3人で全国を西へ東へ、さまざまな方のご紹介を受けながら障害のある先生たちのところへ赴き、ときには3時間以上にわたって、これまでのお仕事や生き方についてお話を聞かせていただきました。また、3人でそれぞれのインタビューをじっくりと振り返り、「ああでもない、こうでもない」と議論を重ねながら理解を深め、分析を進めてきました。

 

■今後の展望

インタビューを進める中で、先生方から「こういうことについては調べてないの?」と宿題をいただくことも多々ありました。この本の出版を達成したら、いただいたテーマも含めて、もう少し広い視点で障害×教育×働き方を捉え、引き続き研究に取り組んでいきたいと思っています。

 

羽田野真帆

 

羽田野写真

 

■PROFILE

筑波大学大学院で学んだあと、2012年より静岡県の常葉大学で教員に。専門は教育社会学。聴覚障害のある子どもたちの支援をしながら、教室で起きていることを観察したり、子どもたちや支援員、保護者の方々、先生たちにインタビューをしたりしてきました。

 

■プロジェクトへの思い

今回、調査の一環として、聴覚障害のある教員の集まりに参加したのですが、その場でとっても嬉しい再会がありました。小学生のころから支援をしてきた子が、教員を目指す大学生としてその場に参加していたんです。彼女のような、これから教員を目指す学生たちにも読んでもらえる本にしたいと思っています。

 

松波めぐみ

 

松波写真

 

■PROFILE

人権教育と「障害」、複合差別等が主な関心事。きっかけは、大阪大学大学院在学中に自立生活運動などにルーツがある「障害学」なる学問を知ったこと。
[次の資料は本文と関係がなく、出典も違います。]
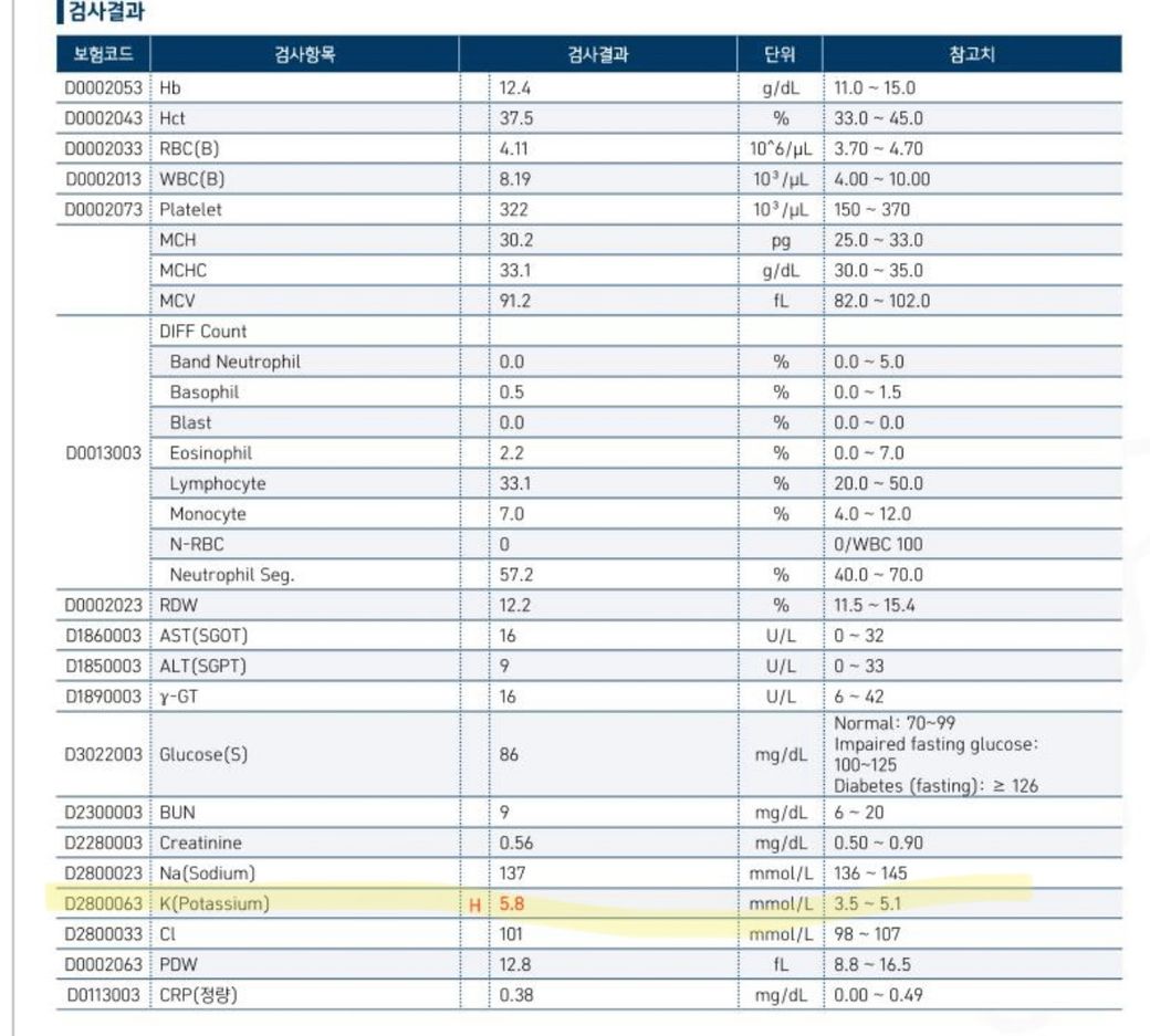 안녕하세요. 채홍석 의사입니다. 칼륨 수치에 대해서 병원에서 괜찮다고 하였으면 크게 걱정하실 건 없는 것 같으며 그래도 불안하시면 1-2주일 뒤에 피검사를 다시 해보시기 바랍니다.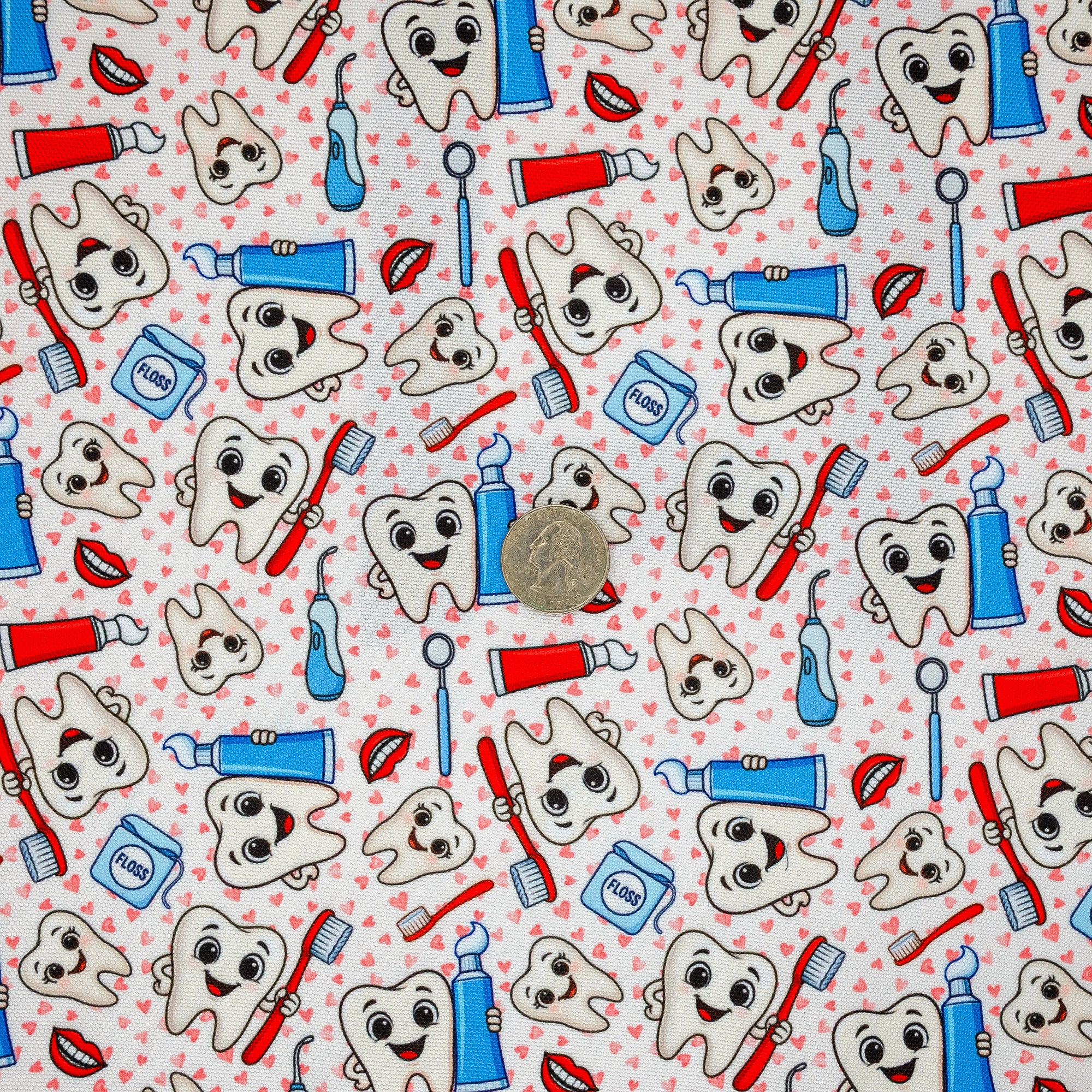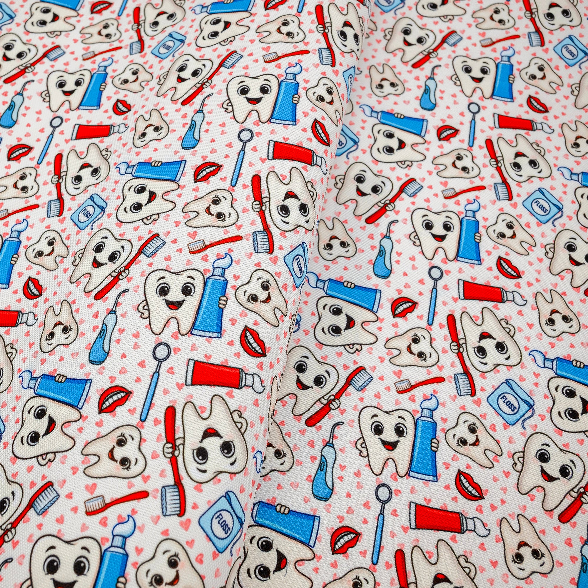 Playful and fun, Smile Squad Water-Resistant Canvas features cheerful tooth characters, toothbrushes, toothpaste, and bright red lips on a soft cream background. This dental-inspired print is perfect for dental hygienist, assistants and dentists. Made from 600 denier PU-coated polyester, it offers sturdy structure and moisture resistance with no interfacing needed.

2008年より、京都で障害者差別解消の条例をつくる運動に飛び込み、今に至ります。現在は研究員、非常勤講師のほか、旅人のようにあちこちで研修講師をしています。

 

■プロジェクトへの思い

さまざまな先生から話を伺いましたが、中には、「障害のある先生」など想定外だった時代から、ただただ「こんな先生になりたい、よりよく子どもと関わりたい」といった思いで働いてきた先駆者もおられます。そのお陰で少しずつ学校の風景が変わり、法律や制度もできてきたのだと感じます。「人が歩いたところに道はできる」。そんな先生たちの存在を伝えられたら……。

 

照山絢子

 

照山写真

 

■PROFILE

アメリカのミシガン大学で文化人類学の博士号を取得し、2014年より筑波大学図書館情報メディア系助教。日本における発達障害の文化人類学的研究をおこなってきました。近年はより広く「マイノリティと対話」ということをテーマに研究を進めています。

 

■プロジェクトへの思い

学校現場における発達障害を考えるときに、「先生」が当事者、という視点がなかなか出てこないことにもどかしさを感じていました。それが本プロジェクト参加のきっかけです。また、「チーム」での調査は今回が初めてだったのですが、バックグランドが少しずつ異なる3人の連携の中で多くの驚きと発見があり、涙あり笑いありのコラボレーションとなりました。この経験については本の中でも書く予定です。